Restore of a few small files from a large backup take a long time

Issue Symptoms

Restore of a small file or directory (e.g., only a few megabytes large) takes a long time from a large filesystem backup (e.g., a directory containing 1 terabyte of data).

Issue Description

Amanda stores filesystem backups in either of two general image formats:

  • UNIX/Linux filesystem, NFS, and CIFS backups are tar archives, usually GNU tar.
  • Windows NTFS backups are based on the ZIP64 format.

Both formats restore by starting at the beginning of the image and streaming through it serially, whether you are restoring the entire image or only selected files/directories. Therefore, the time to restore files can be similar to the time it took to create the backup image.

For restoring only selected files, tar or the Zmanda Windows Client must still start stream through the entire image from beginning to end, restoring your files when it finds them.

Resolution

To reduce the restore time for selected files, the backup time must be reduced. One way of doing this is to split it into multiple, smaller objects that back up different parts of the original, large object.

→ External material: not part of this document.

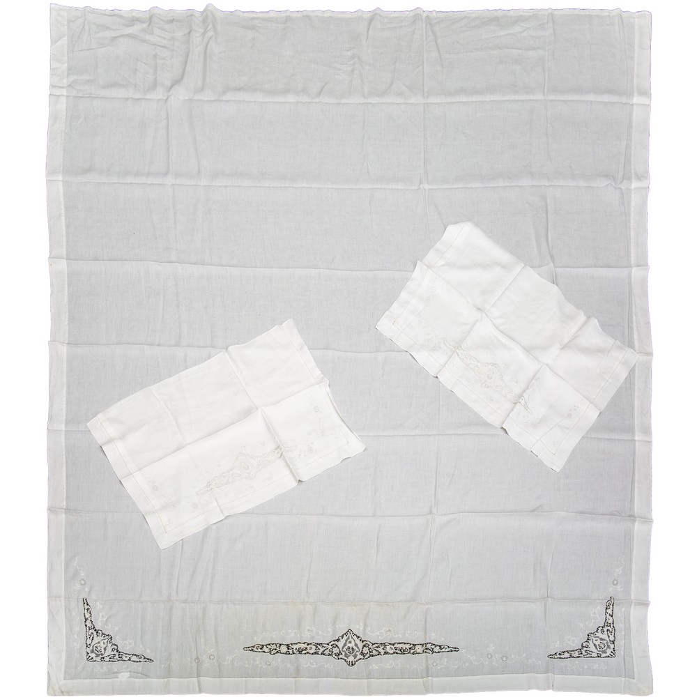 LENZUOLO matrimoniale, con due federe in lino, nei toni del bianco; ricamo a mano (macchie).
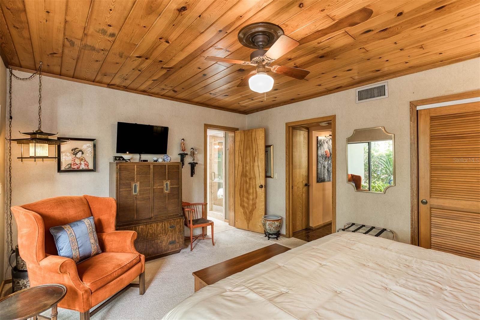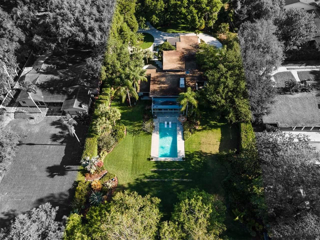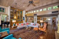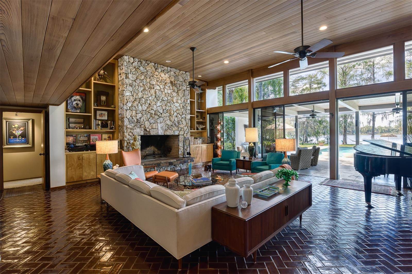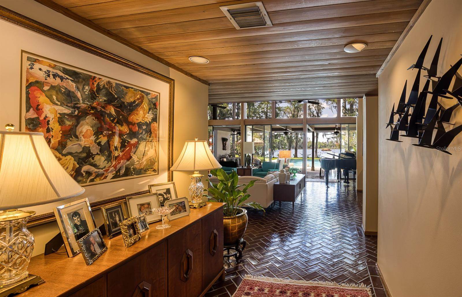 RARE OPPORTUNITY This is the first time in 25 years that this estate is available! The home and grounds have been completely reimagined from what it was 25 years ago. The home is one of only 7 homes designed in this style by local Orlando architect, Donovan Dean!Inspired by the Frank Lloyd Wright-Style of architecture and it lives up to it beautifully. Architecture and Lifestyle abound on this incredible lake front property that is meticulously landscaped from the entrance of the home down to the lake...including its own white sand beach escape. Landscape lighting covers the almost 2 acres and lake fed irrigation also runs the entire property. The gardens provide a magnificient variety of flora and fauna all year long. The custom lanai was designed to stay true to the original architecture and it is 28'x 15' Perfect for enjoying more of the outdoor space. Inside the home you will find the theme of Wood, Glass and Stone. The foyer is spacious and leads right into a wonderful transition area with a large dry bar and tons of under counter cabinet space. The rear of the living room is all glass to enjoy the views overlooking the pool, down to the beach and the lake. The wood burning fireplace is a work of art that soars to the height of the ceiling that is at almost 13 feet! In the Dining Room the ceiling height is compressed to make it more of an intimate setting. You will find 2 custom built-in Butler's pantries and directly across will be another custom built-in buffet with incredible storage. Storage has been so very well thought out and makes this home an incredible place for entertaining. The main bathroom is more like stepping into a spa with natural Red Cedar, Custom Cabinetry, Graff Fixtures and Travertine. However, the real stunner is the size of the walk-in shower and how it opens to a private outdoor garden. As a plus, you will also find an attached room off of the 2 car, oversized, garage. This room is perfect as a workshop, art space, or extra storage. Outside of the garage is very well thought out service yard. All bathrooms have been renovated, The largest A/C & Natural Gas Furnace were replaced in 2024. The Tankless Natural Gas Water Heater was also replaced in 2024. This Home has been well cared for inside and out. LOCATION LOCATION LOCATION!130 Feet of Lake FrontagePrivate 60+ Acre Spring fed Ski Lake with slalom course, Rear South Facing to enjoy the 16'x 34' Saltwater Pool with Sun Shelf, Private White Sand Beach and Lake Views. Approximately 3 miles due South of Downtown Orlando and roughly 3 miles from the brand new Epic Universe Theme Park...one of the closest Lake Front Homes to Epic Universe. Close to everything and yet far enough away to feel secluded and remote. Rare Opportunities Don't Last Long.

Consider the following example:

$ ls /big/data
dir1/
dir2/
largedir1/
largedir2/
file1
file2
  1. Create a backup object for ” /big/data” and exclude the large subdirectories (“./largedir1” and ” ./largedir2“). Please see the following documentation for details about exclude syntax:

    http://docs.zmanda.com/Project:Amanda_Enterprise_3.3/ZMC_Users_Manual/Backup_What#Exclude_Specifications
     
  2. Back up each sub-directory as a separate object:
    • /big/data/largedir1
    • /big/data/largedir2
  3. Or (UNIX/Linux, NFS, and CIFS only) create multiple /big/data backup objects with different aliases (Backup| What > Advanced Options > Alias), and use exclude and include properties. The exclude property can be set in Backup| What, but the include property must be manually added to the “/etc/amanda/<BackupSet>/disklist.conf ” file. Please see the following article for more information:

    http://wiki.zmanda.com/index.php/How_To:Split_DLEs_With_Exclude_Lists

By splitting the large object into smaller ones and restoring from the smaller object, Amanda can stream through less data for the restore process.